4. 当初の課題・挑戦ライブ配信は当日トラブルが許されず、準備・機材調達・予備機確保などの段取りが増える。にもかかわらず、売上は現場稼働の枠で決まり、事務負担が増えるほど可処分時間が減り、機会損失につながる。B社では、①消耗品〜機材までEC購入が多く、領収書回収・仕訳が分散しやすい、②少人数ゆえ入金管理・請求書発行が遅れると資金繰りに直撃する、③外部パートナー(カメラ/音声/配信)への支払管理が煩雑—という“回収サイトと事務工数”の課題が顕在化していた。 また、ライブ配信は機材が高額で、故障・追加購入の判断が多い。数字がタイムリーに見えないと、投資の回収見込み(稼働率×単価)が読めず、値付けが“なんとなく”になり、単価が下がる。さらに、外部パートナーへの支払が遅れると、繁忙期に手配できず品質が落ちる—という“人材調達”の課題にも波及する。 現場では、見積作成が遅れると機材手配が後ろ倒しになり、直前の追加購入やレンタルで原価が跳ねる。また、請求・入金の遅れは、次の機材投資や外注支払に直結し、機材のアップデートが止まると品質が落ちて受注率が下がる。つまり、バックオフィスの遅れが、品質(クレーム)と新規獲得(リード)に波及する構造だった。
5. 取組み・成功のポイント施策は「購買→明細→証憑→会計を自動連携し、現場稼働を増やしても事務が増えない状態」を作った点。①事業用カード決済を徹底し、ECアカウントにも登録して明細を自動取り込み、②スマホで領収書を即時アップ→経費計上を当日化、③見積・請求のテンプレを固定し、配信パッケージ(機材一式+現場オペ+アーカイブ編集)を“商品化”して作業を標準化した。
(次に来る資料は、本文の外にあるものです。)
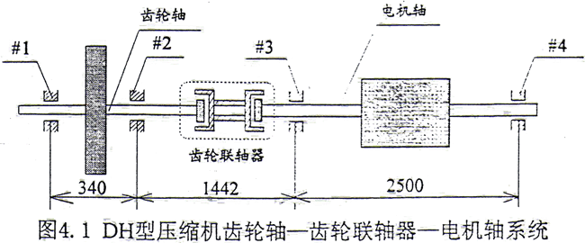 圖4.1是某國產(chǎn)DH型透平壓縮機組的核心部分,系統(tǒng)由齒輪軸、電機軸、齒輪聯(lián)軸器和滑動軸承組成。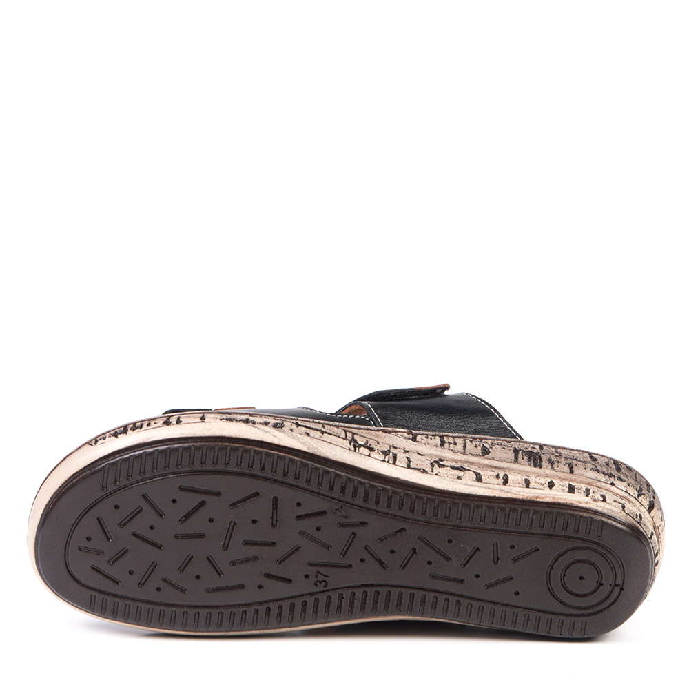 Slip on sandal with a wedge sole that accommodates orthotics thanks to the removable insoles. Adjust it to your comfort with the two velcro straps.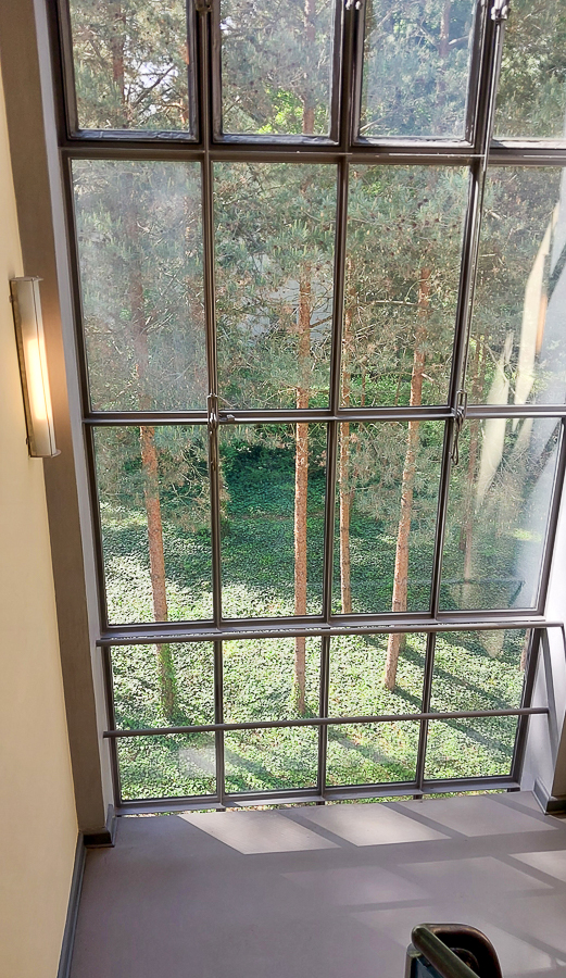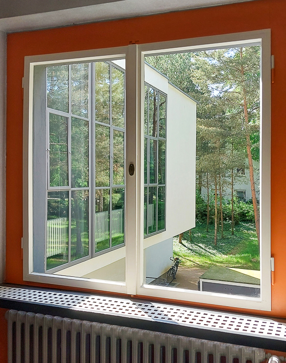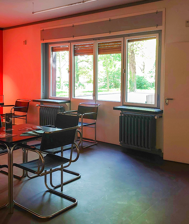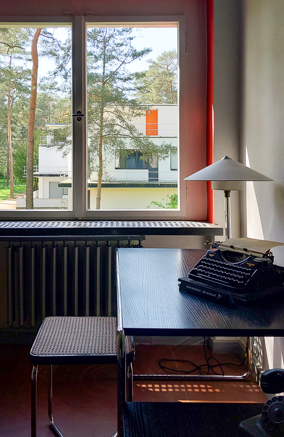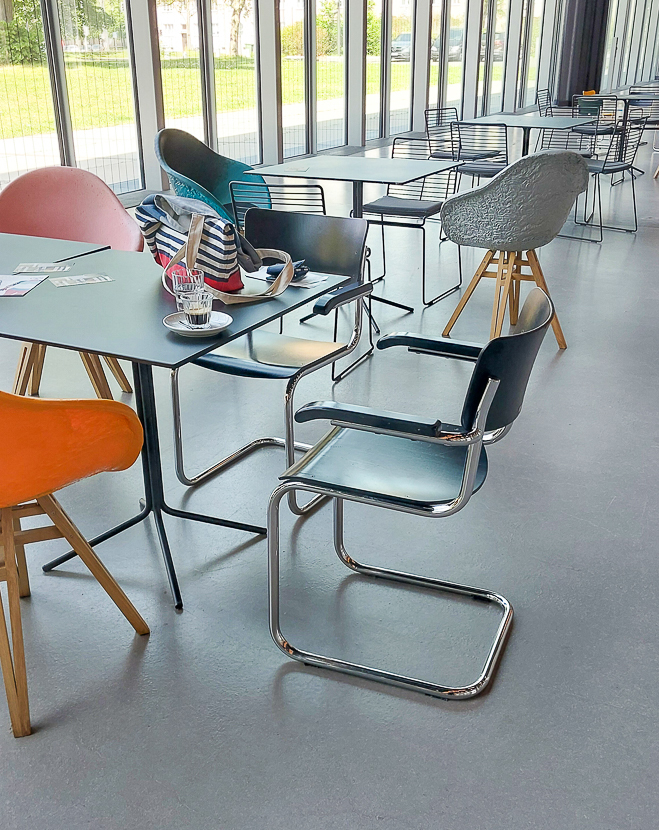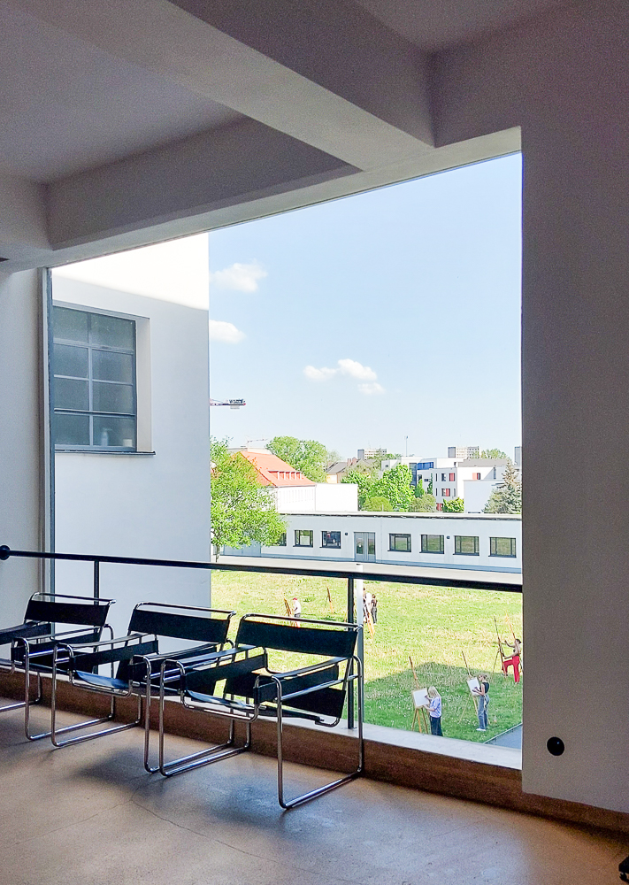 | Impression | 一般的にバウハウスは「合理性」「機能主義」がクローズアップされがちである事、また当時の記録写真が比較的古いモノが多いため、ともすると同校のデザインからやや無機質な印象を受けるかもしれません。 実際には、外部環境を取り込んだり、採光やカラーリングによる光の表情の変化を付けるなど、自然の共存を大切にする空間づくりをしています。また家具もスチールパイプを主材としながらも、弾力性に優れ座り心地よい製品になっています。 テオリの社名の由来はドイツ語の「Theorie=セオリー=基本・原点」にありますが、自然の持つ心地よさ大切にしながら合理性のあるモダンデザインの系譜の中にテオリも存在する事が改めて確認できる機会でした。 次回のジャーナルは、テオリの代表的な椅子「テンション」のデザインについてデザイナーである岡山県立大学の三原鉄平教授インタビューです。10月の掲載をお楽しみに。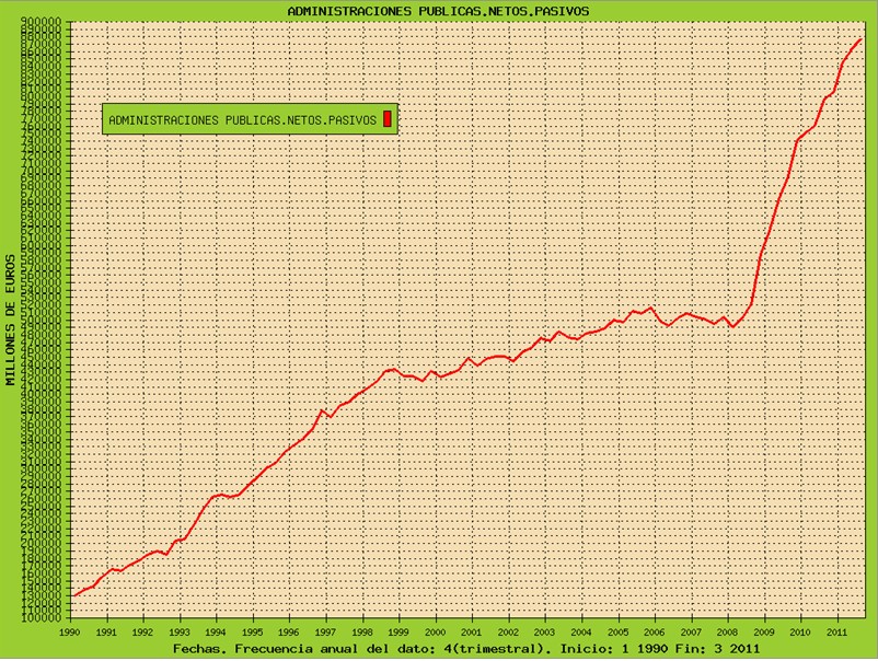 El primer dato importante es la evolución de los pasivos en circulación, que habían aumentado entre enero de 2011 y septiembre de 2011 desde 805.500 millones hasta 877.500 millones, es decir, 72.000 millones. Frente a este dato, entre enero de 2010 y septiembre de 2010 los pasivos en circulación del conjunto de las administraciones aumentaron desde 739.500 millones hasta 796.300 millones, lo que supuso un aumento de 56.800 millones. Es decir, que los pasivos aumentaron en los tres primeros trimestres de 2011 uno 15.200 millones más que en el mismo período de 2010.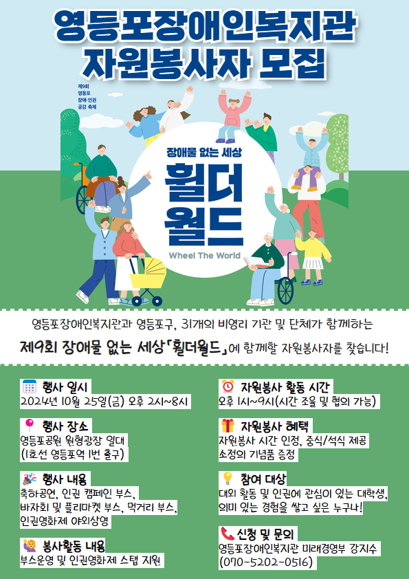 제9회 장애물 없는 세상 「휠더월드」에 함께할 자원봉사자를 찾습니다!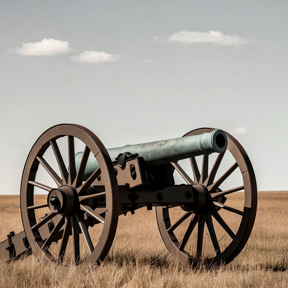 artillery, civil war cannon, clouds, field, grass, historical weapon, isolated background, military history, outdoor, prairie, rusted metal, sky, vintage cannon, wooden wheels, cannon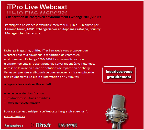 Bonjour. Eh oui en cette fin d’année scolaire, nous sommes prolixes… et nous vous convions à un petit séminaire pour expliciter les problématiques de répartition de charge en environnement Exchange. Le but : vous donnez le maximum d’information en 45 Minutes. Je serais accompagné de l’excellent Stéphane Castagné et d’un consultant Barracuda à qui vous pourrez poser en direct toutes les questions que vous désirez.

運用では、月次の損益確認を早め、機材投資の回収見込み(稼働率×単価)を案件別に見える化して、値付けの根拠を作った。 ポイントは、経理自動化を“節税”ではなく“稼働率を上げるための時間創出”として位置づけたこと。現場の合間でもスマホで処理できる運用にし、証憑を溜めない。加えて、配信パッケージのメニュー化で見積作成を短時間化し、料金表を持つことで値引き交渉を減らし、平均単価を守る設計にした。 もう一段踏み込んで、案件の“標準見積”を3段階(ライト/スタンダード/プレミアム)に分け、現場オペ人数・機材構成・納品物(アーカイブ編集・字幕)を明確化した。これにより、見積の作成時間を短縮しつつ、上位プランへのアップセル(平均単価向上)を狙える。入金面では、請求書発行と同時に入金予定日を登録し、遅れが出たら自動でリマインドが飛ぶ運用(督促)を用意して回収サイトを短縮する。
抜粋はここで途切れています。